Gunilla turns several pages one at a time and then she talks to herself in a low voice in self-reprimand. Eventually, she says, “Valerie has been in touch with me too.”

“Has she now?”

“Her expectations are unreasonable.”

However much Gunilla pretends to be following the UN rules and acting neutral, Bella is aware that love and the memory of her affection toward Aar will sway her mind. She will exploit the play in the rope. “Valerie rang me at Padmini's insistence, she assured me, to see Aar's last will.”

“What was your answer?”

“It is out of the question.”

Bella is determined not to prod.

Gunilla goes through moments of nervy dithering. “Then a man claiming to be her lawyer rang me just before you came, wishing to know if this office had a copy of Aar's will on file and if his wife and the mother of his children could see it. I replied that I would get back to him about it after I had the chance to look into the matter further. Meanwhile, I consulted a Kenyan who is well informed about who is who in the legal fraternity and who happens to be a good friend of Aar's. I gave him the name of the lawyer representing Valerie. Apparently, said lawyer is Ugandan, with his chambers in Kampala, not here.”

Bella says, “They are married out of community of property and the two of them have not lived together or shared a conjugal bed for a number of years. Does she have any legal legs to stand on?”

“Chances are she won't file.”

“Why do you say that?”

Gunilla narrows the blue hardness of her eyes into slits because the sun is in them. “Aar was of the impression that Valerie doesn't have the patience to pursue any matter, especially a legal matter, to its conclusion. According to him, she would never do anything of the sort.”

“There is always a first time.”

“Aar used to say to me that Valerie would start on a project with great enthusiasm but wouldn't follow it to its end. Even having the children was such a project, embarked on with passion but abandoned in the end. This has been her downfall: the inability to stay the course; the refusal to pay up when a bill is presented to her unless Padmini steps in to help. Now tell me,” she says, “how have Salif and Dahaba responded to her presence?”

“They are hostile to both Valerie and Padmini.”

“And how does that sit with you?”

“I want no friction if I can have it my way.”

Gunilla again opens one of the files, which she studies for a couple of minutes. She nods in silence in the manner of someone who has finally gained an understanding of a complicated matter. She says, “Please sign these forms using your name as it appears on your birth certificate and your passport.”

Bella signs the forms without reading them. Gunilla has earned her trust.
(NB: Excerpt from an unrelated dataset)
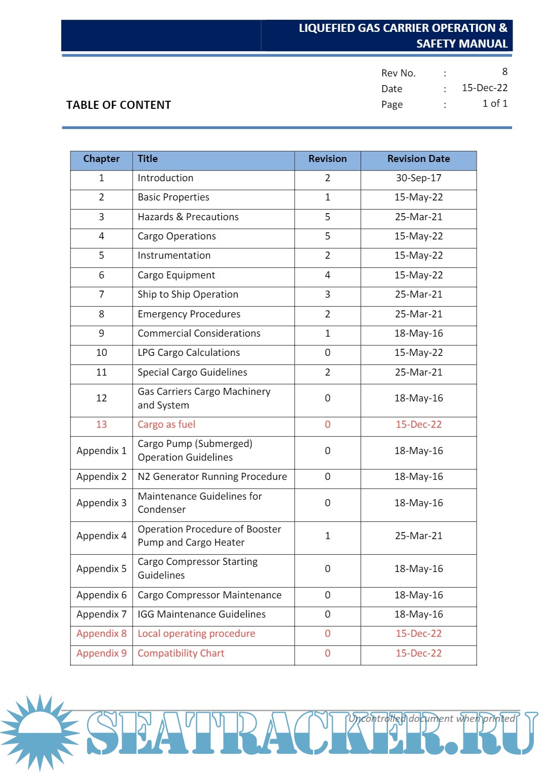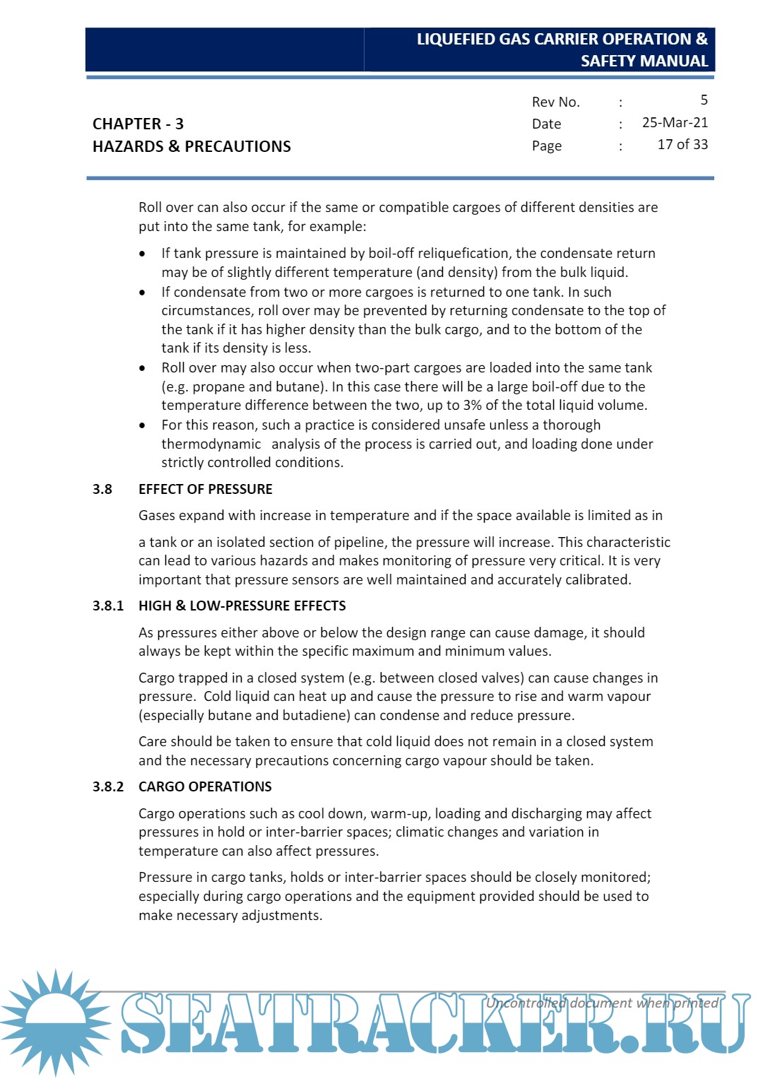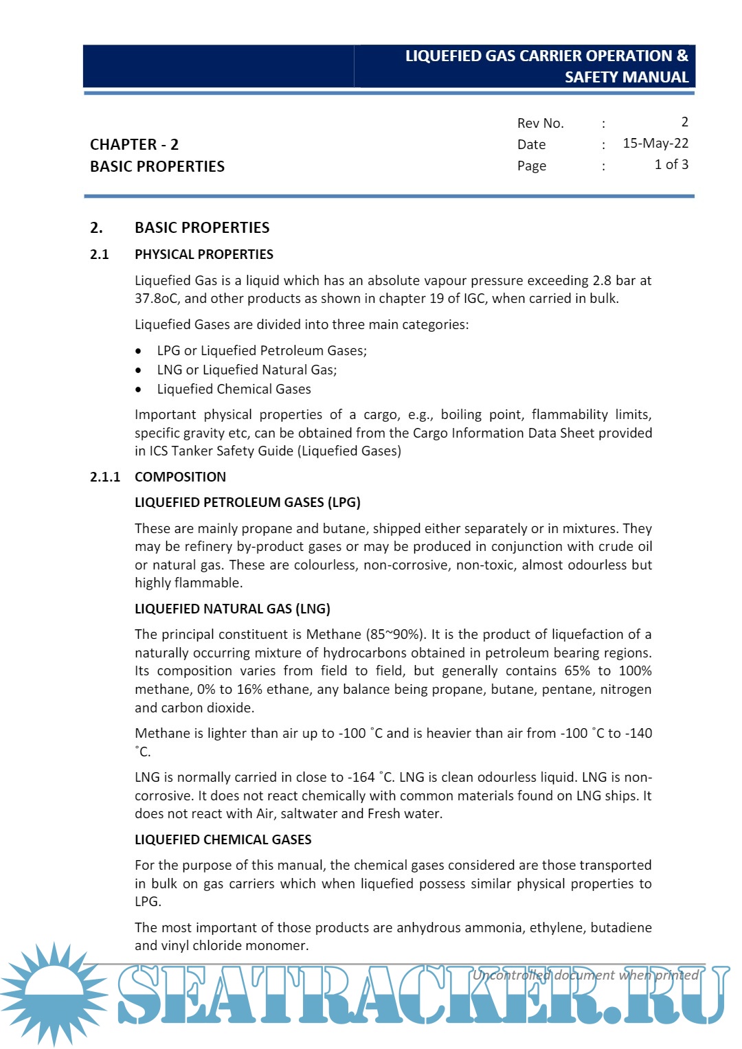 Description: This Manual is issued to assist all personnel involved in the operation of Liquefied Gas Carriers carrying Liquefied Petroleum and Liquefied Chemical Gases, to carry out their duties in a safe and efficient manner.

“As the children's mother, what are her chances of convincing a judge to grant her custody now that she is back in the same country as they are and since she is the only living biological parent and they are under the age of majority—are there any good legs she can stand on?”

“The law is not favorable to her side.”

“Besides, Valerie has a way of spreading vitriol the same way one spreads butter on one's toast,” says Bella, and she tells Gunilla about
Valerie's trying to convince Salif that his father had wanted to be cremated.